To fill the aforementioned gaps, the aim of this study was to assess the prevalence of TORCH infections among migrant and native women and furthermore to explore the impact of women’s migrant status, migration distance and the spouse’s migrant status on past and recent infection risk, using a population-based survey in southern China with over 2.4 million women of childbearing age (15–49 years old). Gaining insight into the epidemiology profile of TORCH infections among women of childbearing age and its association with migration-related characteristics are key for developing more extensive and tailored intervention programs and allocating prevention and treatment resources more effectively.

Methods

Data source

The National Free Preconception Health Examination Project (NFPHEP), a series of population-based, nationwide cross-sectional surveys, was piloted in 220 rural counties located in 31 provinces and municipalities during 2010–2012 and promoted to both rural and urban areas in the whole country since 2013 [19]. This project has provided 19 preconception health service items involving health education, physical check-up, risk assessment and preconception counseling for married couples who planning to conceive within the coming six months and the coverage rate of the target population exceeded 80%. Serological screenings of TOX, CMV, and RV for women are included in this project to perform early diagnosis and treatment of TORCH infections. More details about the design, organization, implementation, and quality control of this project have been previously described at length [20, 21].

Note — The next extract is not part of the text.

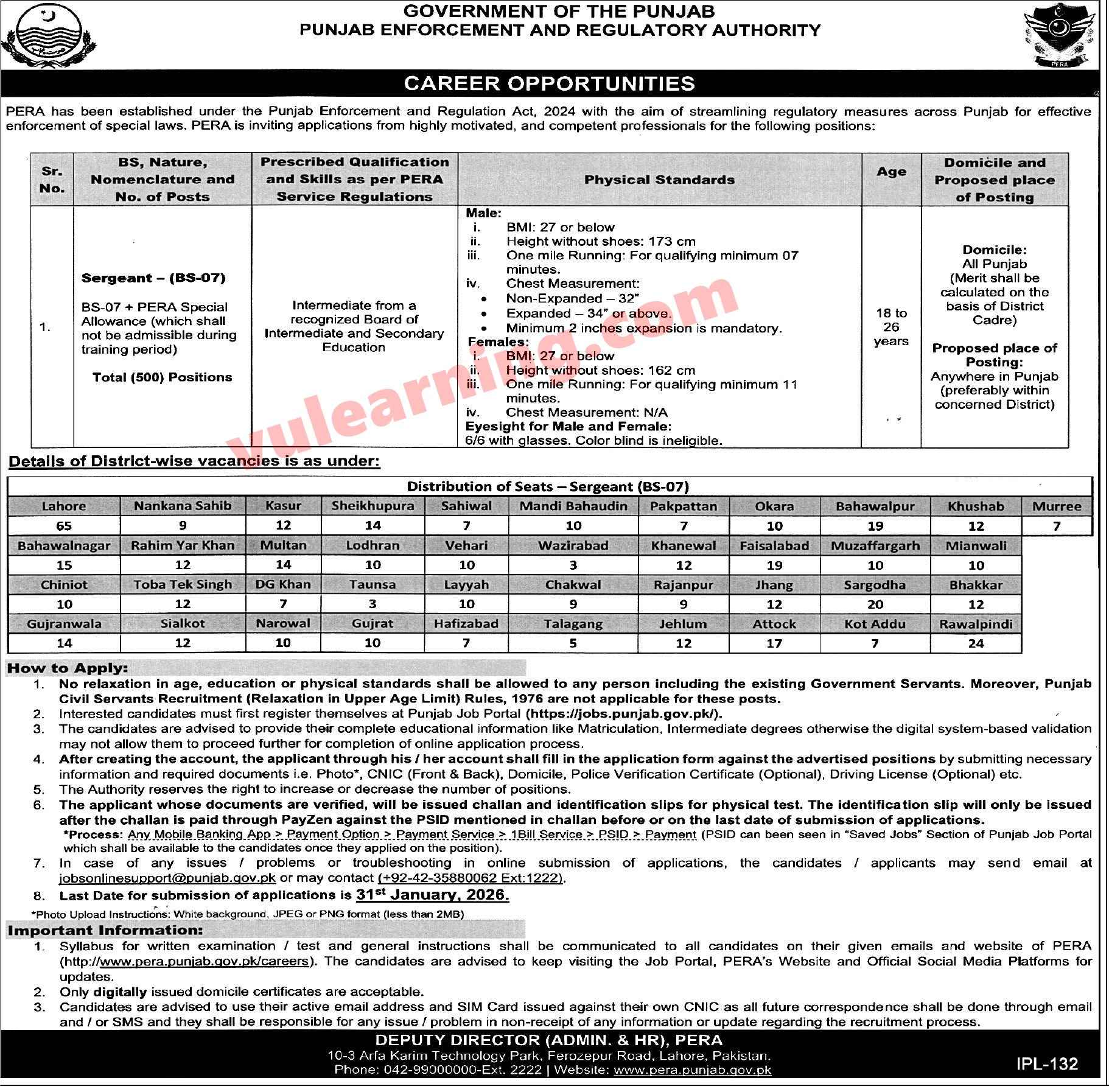 PERA Jobs 2026 Apply Online for 500 Sergeant BPS-07 For Males & Females Job Ad shown on this page is taken from Express Newspaper on 07-01-2026
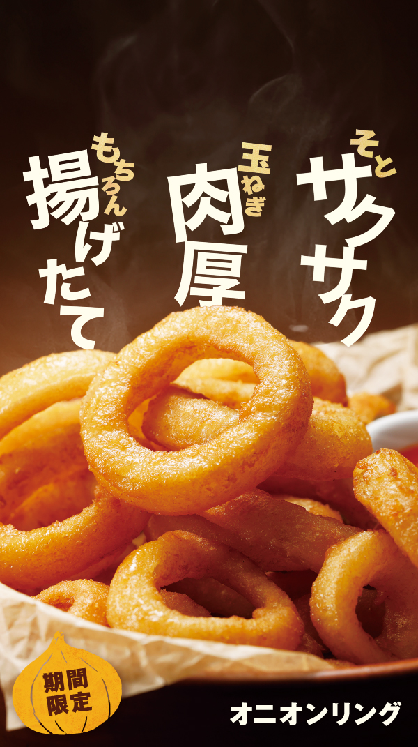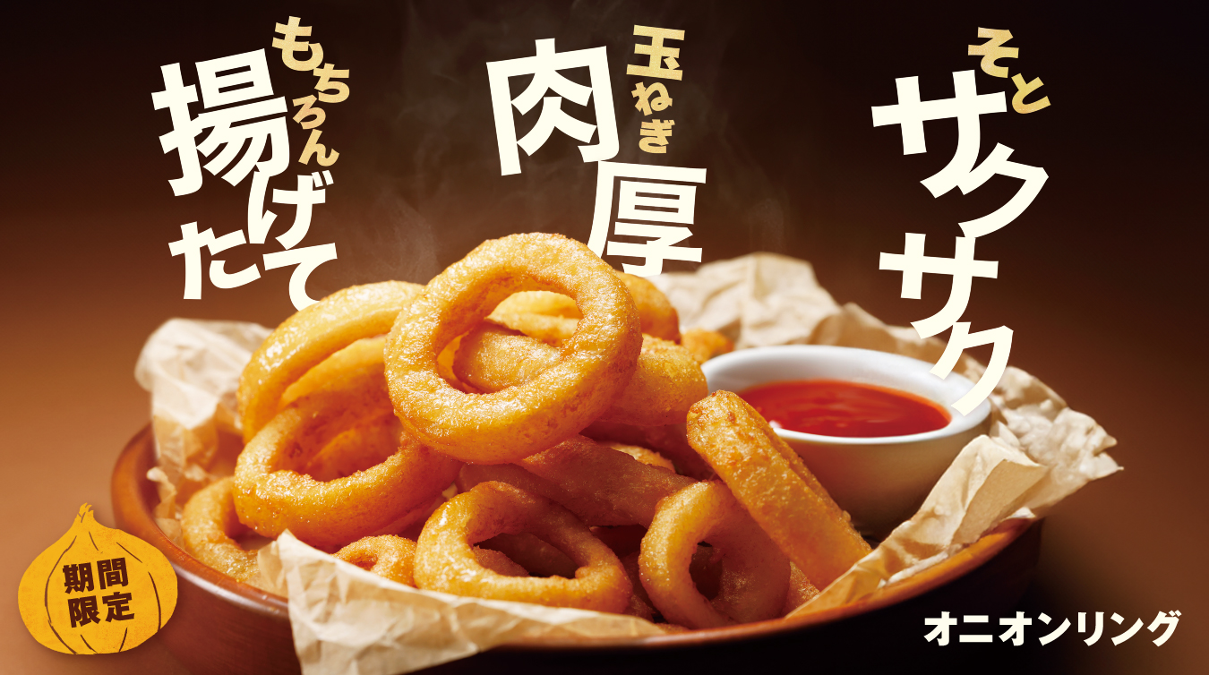 「オニオンリング」を、3月4日(水)から期間限定で販売いたします。外はカリッと香ばしく、中はふんわり甘い肉厚玉ねぎ。

Research site and study population

Guangdong Province, located on the southeastern coast, is one of the most developed provinces in China and a key destination for migrants. The East Asian monsoon is the main climatic type in this area, where the light, heat, and water resources are rich. This study was based on the rounds of NFPHEP conducted from January 2014 to September 2019 in Guangdong Province. 2,679,011 women aged from 15 to 49 years were included in this study, then those who did not have serological testing for TOX, CMV, and RV before pregnancy, those with missing data on the migrant status, and duplicated recodes were excluded. Overall, 2,451,297 participants (91.5%) were included in the final analysis (Fig S1).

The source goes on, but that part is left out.